Top 5: Tips For Learning The Local Language
Teaching English as a foreign language overseas is a great opportunity to learn a bit of another language, especially if you are in a place with a rarer language that would be difficult or impossible to learn at home. If you’re lucky, your contract will include some free language classes by a native speaker teacher at your school, or the school will give you a discount on lessons. Here’s how to make the most of it all:
1. Take lessons if at all possible. It’s too easy to slack off when you are just learning at home. Being in a class compels you to regularly practice…plus it’s usually fun.
2. Learn some phrases as “chunks” rather than as individual words – you don’t need grammatical explanations for “Can I have..?”, “I like it” and “Where is the..?” in order to use them.

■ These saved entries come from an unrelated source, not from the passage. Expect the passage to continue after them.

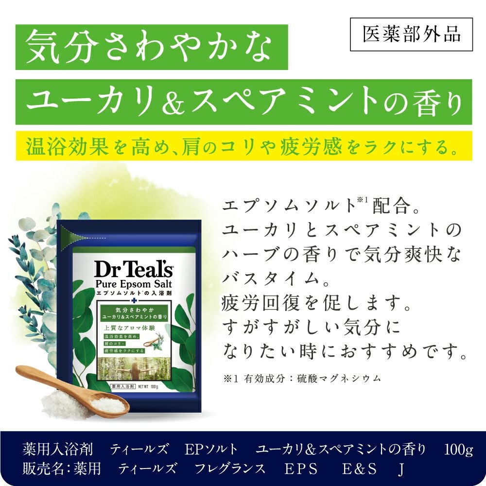 他の画像を見る 母の日ギフト ユーカリとミントが爽やかなエプソムソルト。温浴効果で疲労回復等を促します。 薬用入浴剤 ティールズ エプソムソルト ユーカリ&スペアミントの香り 100g(1回分) 通常価格 ¥ 218 のところ 限定価格 ¥ 218 税込 ラッピング不可 販売を終了しました。 詳細はこちら 詳細を見る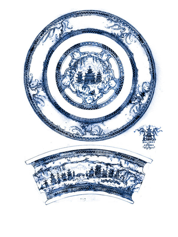 A tableware manufacturer approached us to design some dinnerware. We came up with a stylized blue willow /flow blue pattern called “Pagodes des Arbres”. Unfortunately this was deemed too esoteric for the mainstream plate buying market but we love it anyway. Pictured are the dinner plate and the mug, John also drew a salad plate, soup bowl, tea cup, and saucer. None of the drawings were copied-and-pasted for the different patterns.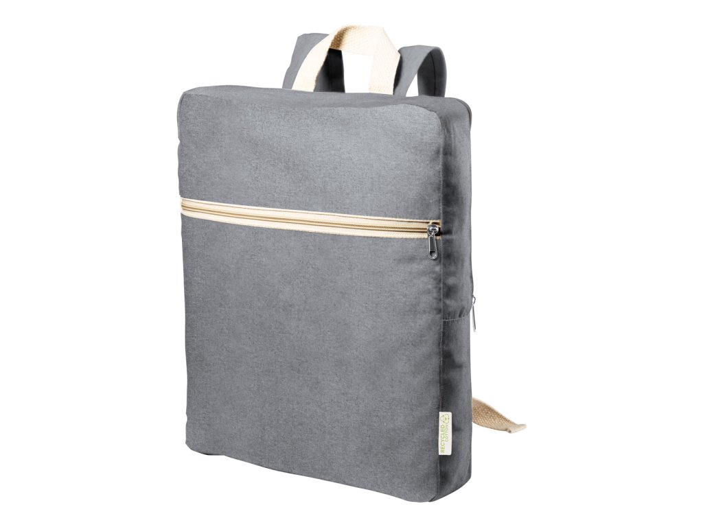 Batoh z recyklované bavlny s přihrádkou na zip a přední kapsou. S výrazným štítkem z recyklované bavlny. 100% recyklovaná bavlna, 275 g/m².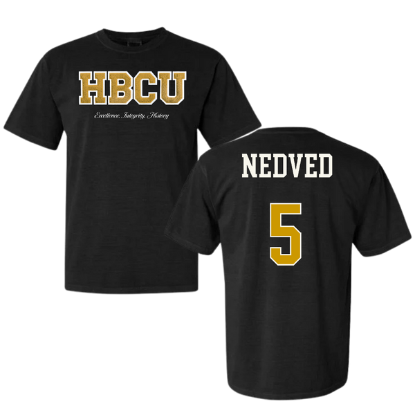 Alabama State University Soccer (W) Black HBCU Varsity Comfort Colors Tee - #5 Katherine Nedved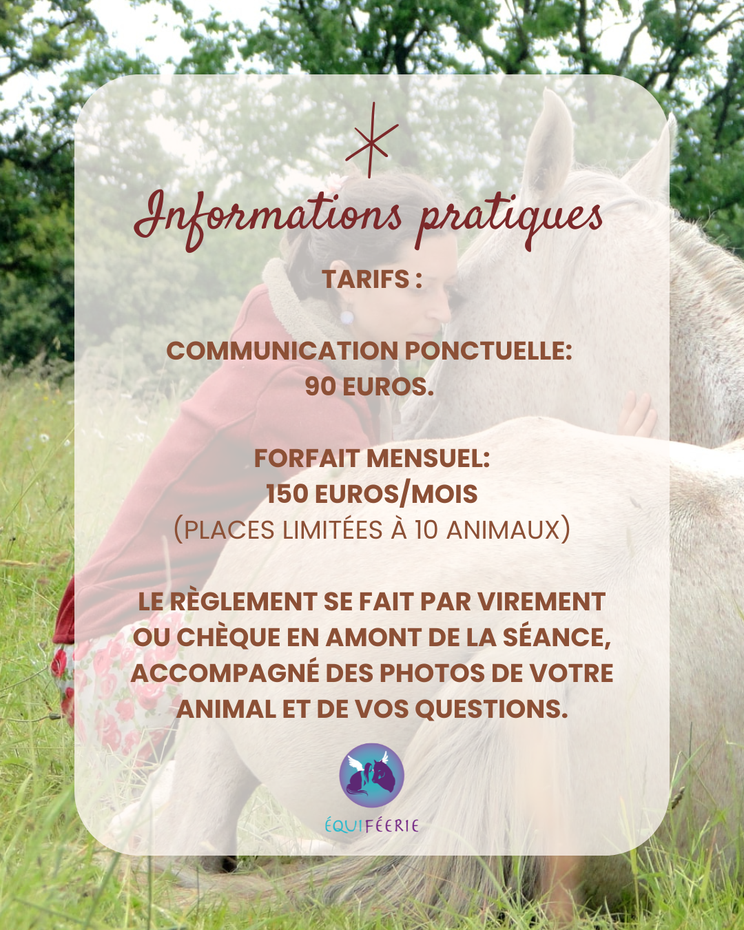 J'ai aussi créé ce forfait mensuel, comme un mentorat pour les personnes qui veulent prendre confiance dans leurs ressentis. Si vous ressentez et "entendez" parfois vos animaux, mais que le doute s'empare régulièrement de vous, entendre leurs messages et leurs réponses régulièrement peut vous amener à constater que vous aviez déjà reçu l'information. Vous rendre compte de votre capacité de manière répétée est une des meilleures manières pour progresser ou affiner vos perceptions.

If you focus on being able to communicate, rather than on total grammatical accuracy (which you are unlikely to attain anyway with simply a year or two), you will have a much more realistic standard to gage your progress.
3. Practice! You may worry about sounding silly but just try not to think about that. You have to practice to get better. Almost everywhere throughout the world, if you are a beginner at the local language, someone will speak more English than you speak of that language…so it is up to you to try to start and continue the conversation in the local language. Locals, especially if their language is not so common, will be pleased that you are trying.
4. Do language exchange. This is where you “trade” English lessons for local language lessons – you meet with a student and half the time speak in English, half the time in the language you are learning. As a teacher, you’ll have access to English language books and teaching materials, but your local language teacher may not -–so bring some beginner English materials (pictures, vocabulary exercises) and do them in the local language. Check out ESL Base’s Language Exchange or My Language Exchange dot com.
5. If you watch English-language dvds, watch them with local language subtitles. I did something like this in Sarajevo and hugely increased my local language vocabulary, though I cheated a bit by studying the language for a year at university before I started teaching.